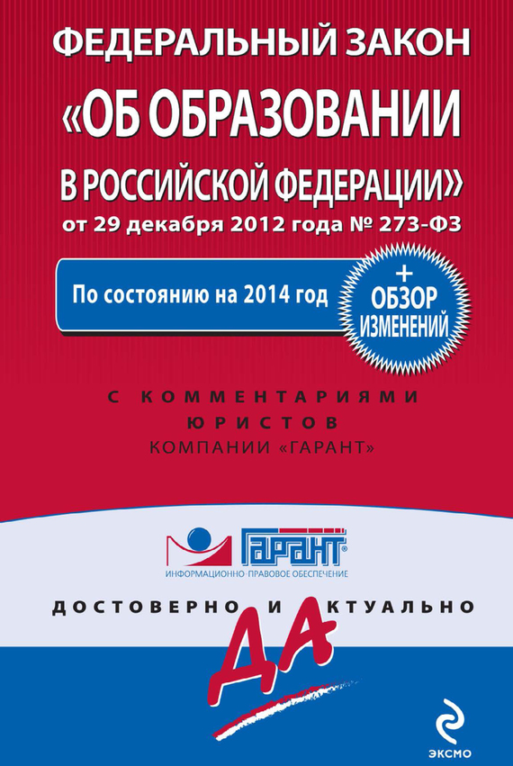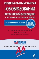 Издание содержит текст Федерального закона от 29 декабря 2012 г. № 273-ФЗ «Об образовании в Российской Федерации», вступившего в силу с 1 сентября 2013 г. по состоянию на 2014 год. Он заменяет целый ряд законодательных актов. В их числе – Закон об образовании от 1992 г., Закон о высшем и послевузовском профессиональном образовании от 1996 г. Закон об образовании – комплексный базовый акт, интегрирующий в себе как общие положения, так и нормы, регулирующие отношения в отдельных подсистемах образования. Текст Федерального закона дополнен комментариями юристов компании «Гарант». В качестве средства навигации к книге прилагается алфавитно-предметный указатель. Также издание содержит сравнительный анализ Закона Российской Федерации от 10 июля 1992 г. № 3266-1 «Об образовании» и Федерального закона от 29 декабря 2012 г. № 273-ФЗ «Об образовании в Российской Федерации», подготовленный экспертами компании «Гарант». Издание будет исключительно полезно юристам, преподавателям, аспирантам и студентам юридических вузов и колледжей, а также всем, интересующимся вопросами законодательства, осуществляющего правовое регулирование в области образования. Книга подготовлена к печати с использованием справочной правовой системы ГАРАНТ.
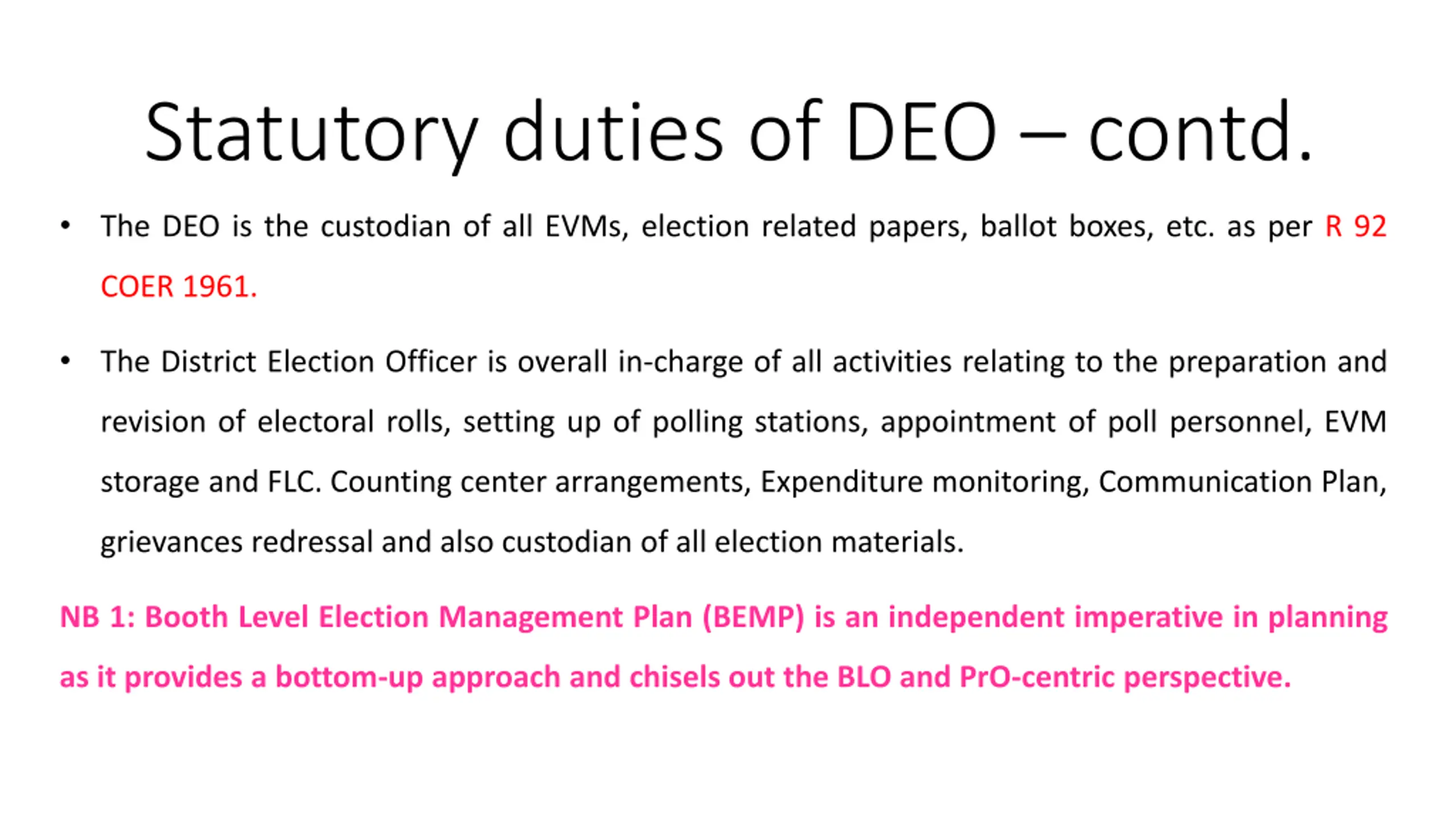 Statutory duties of DEO contd. The DEO is the custodian of all EVMs, election related papers, ballot boxes, etc. as per R 92 COER 1961. The District Election Officer is overall in-charge of all activities relating to the preparation and revision of electoral rolls, setting up of polling stations, appointment of poll personnel, EVM storage and FLC. Counting center arrangements, Expenditure monitoring, Communication Plan, grievances redressal and also custodian of all election materials. NB 1: Booth Level Election Management Plan (BEMP) is an independent imperative in planning as it provides a bottom-up approach and chisels out the BLO and PrO-centric perspective.
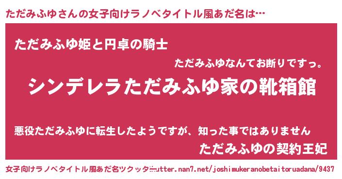 | ヘコむあだ名 | 『ただもー』『ただみふゆ(遠い目)』 |
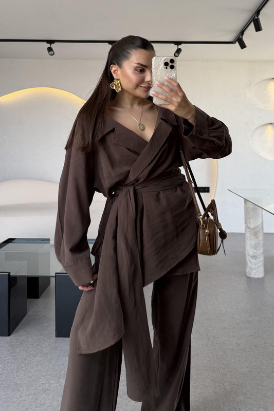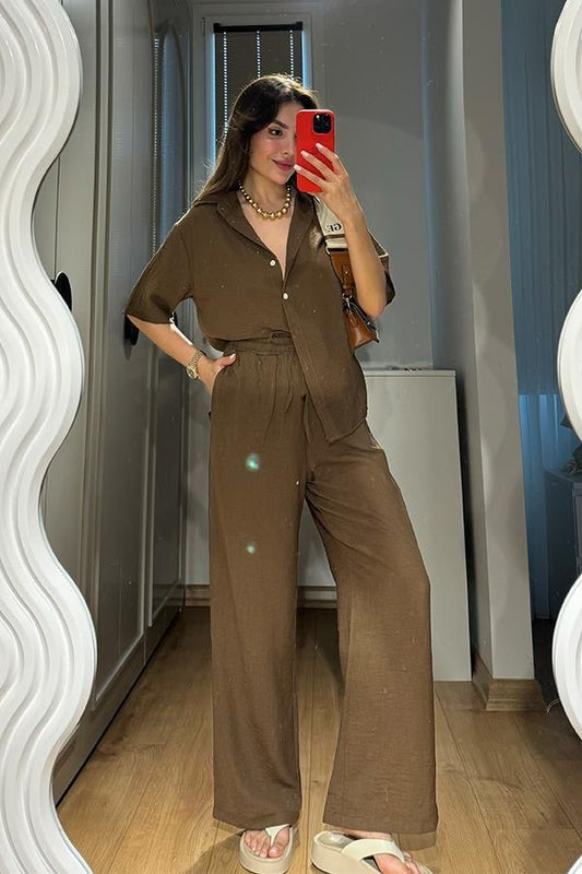 Casal Kısa Kol Gömlek Pantolon Takım - Acı Kahve
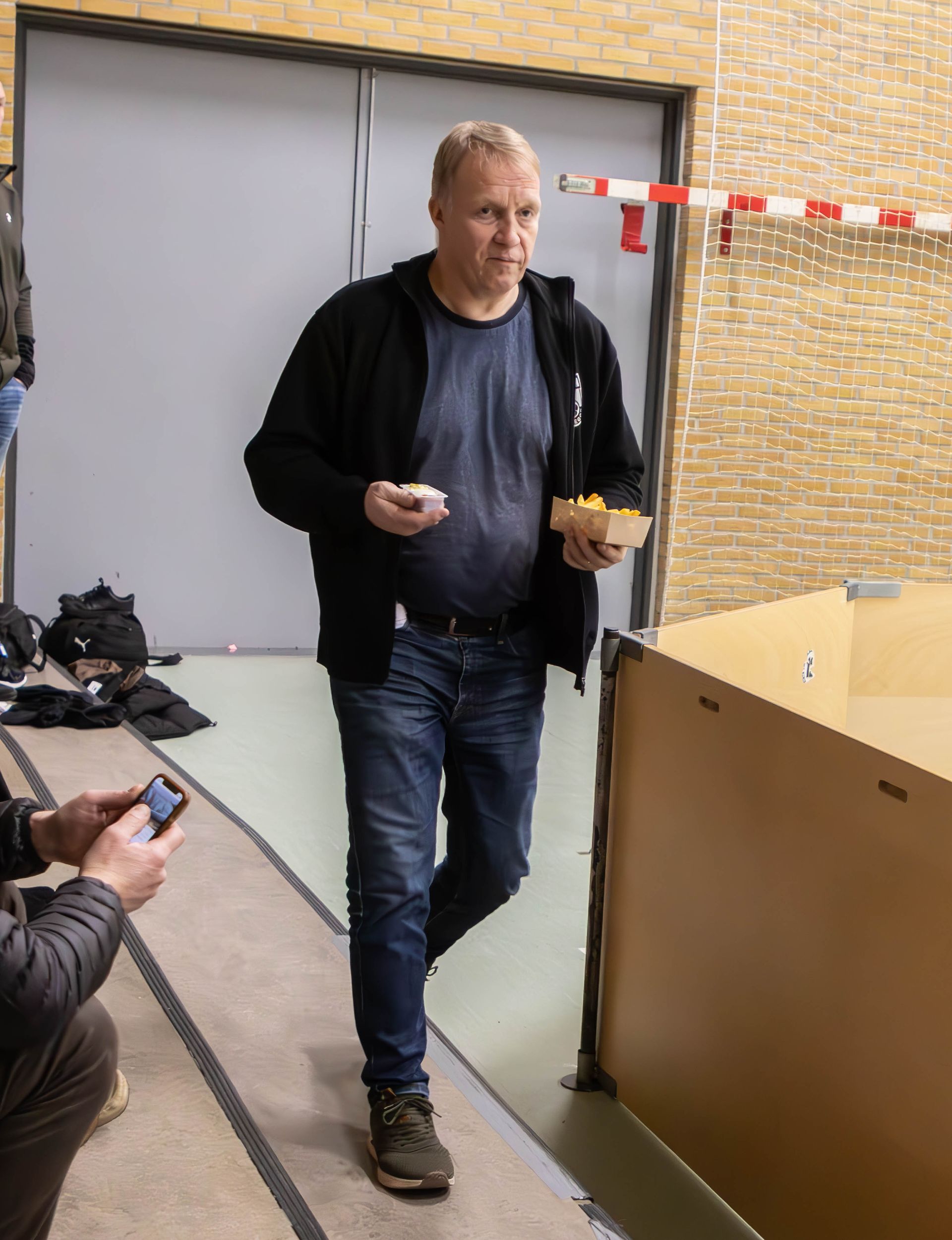 Stævneleder Brian Nielsen er her på vej med forstærkninger til dommerbordet - uden mad og drikke duer heltene jo ikke. Foto: Jim Hoff
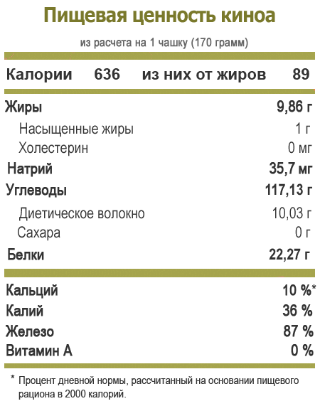 Користь і шкода кіноа вивчені не так добре, як інших круп. Але цей продукт заслуговує більшої уваги. Його склад багатий білком та іншими корисними речовинами, в кілька разів цінніше, ніж у гречки або рису, вівсянки. Рекомендується вживати після операцій, діабетикам, для зміцнення організму, при схудненні, фізичних навантаженнях. Протипоказання – грудне вигодовування.
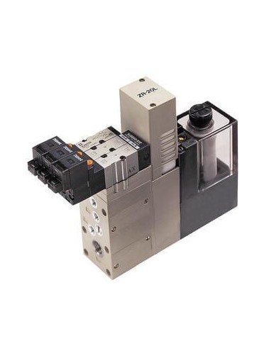 Le ZR le plus large est un venturi à un seul étage Sa conception modulaire permet à l'utilisateur de choisir uniquement les composants requis pour l'application La série ZR est disponible avec une combinaison de générateur une unité de vanne d'alim/d'échap une unité de pressostat et de filtre d'aspiration Commandez sans unité de venturi pour l'utiliser comme un ensemble de vanne et de filtre pour les systèmes de vide domestiques Les plaques de sélection spéciales permettent d'utiliser l'air de l'usine pour créer le vide et de l'azote pour le soufflage Disponible avec une configuration autonome ou sur embase
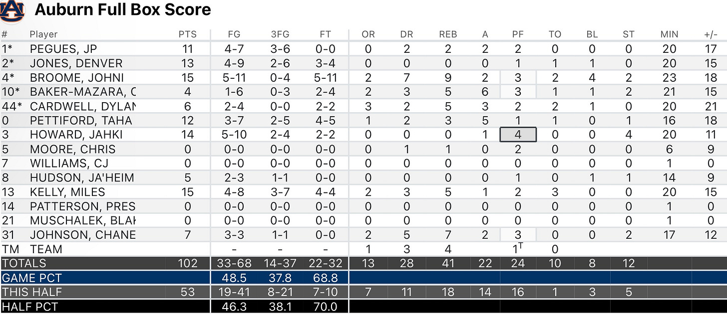 The Tigers shot 48.5 percent from the field (averaged 47.6 percent in 2023-24), 37.8 percent from three (35.2 percent in 2023-24), and 68.8 percent from the line (75.0 percent in 2023-24). Miles Kelly, JP Pegues, Pettiford, and Jones shot 10-22 from deep on their own. Auburn also had 22 assists to just 10 turnovers, after averaging 17.8 and 10.7 a season ago. Their 10 makes is more than Auburn had as a team in 25 of its games last season.
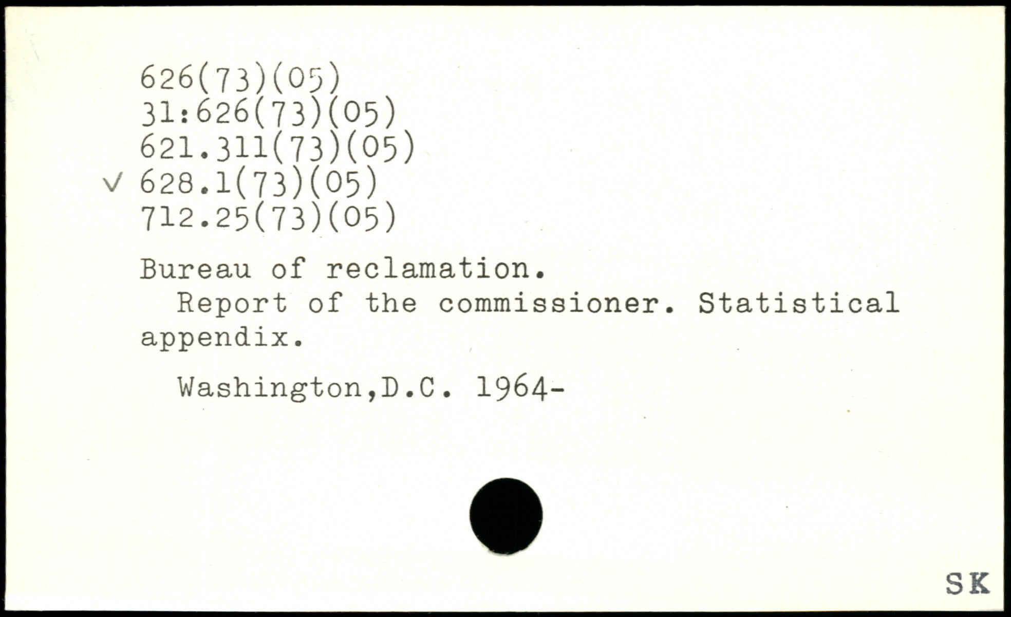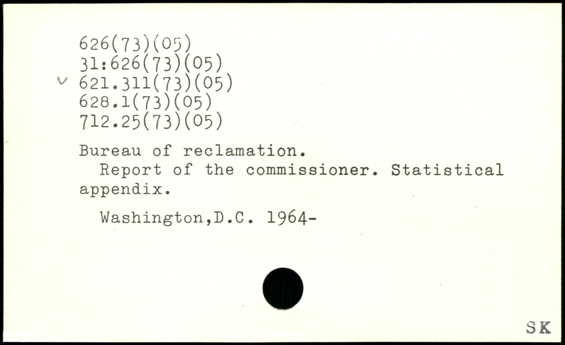 Bureau of reclamation. Report of the commissioner. Statistical appendix. Washington,D.C. 1964-

━━━━━━

## Work instruction
Using the entries above, transcribe exactly from the line that has "Casal Kısa Kol" through the line that has "Користь і шкода". Pictures are dropped.

## Solution for this problem
 Casal Kısa Kol Gömlek Pantolon Takım - Acı Kahve
 Stævneleder Brian Nielsen er her på vej med forstærkninger til dommerbordet - uden mad og drikke duer heltene jo ikke. Foto: Jim Hoff
 Користь і шкода кіноа вивчені не так добре, як інших круп. Але цей продукт заслуговує більшої уваги. Його склад багатий білком та іншими корисними речовинами, в кілька разів цінніше, ніж у гречки або рису, вівсянки. Рекомендується вживати після операцій, діабетикам, для зміцнення організму, при схудненні, фізичних навантаженнях. Протипоказання – грудне вигодовування.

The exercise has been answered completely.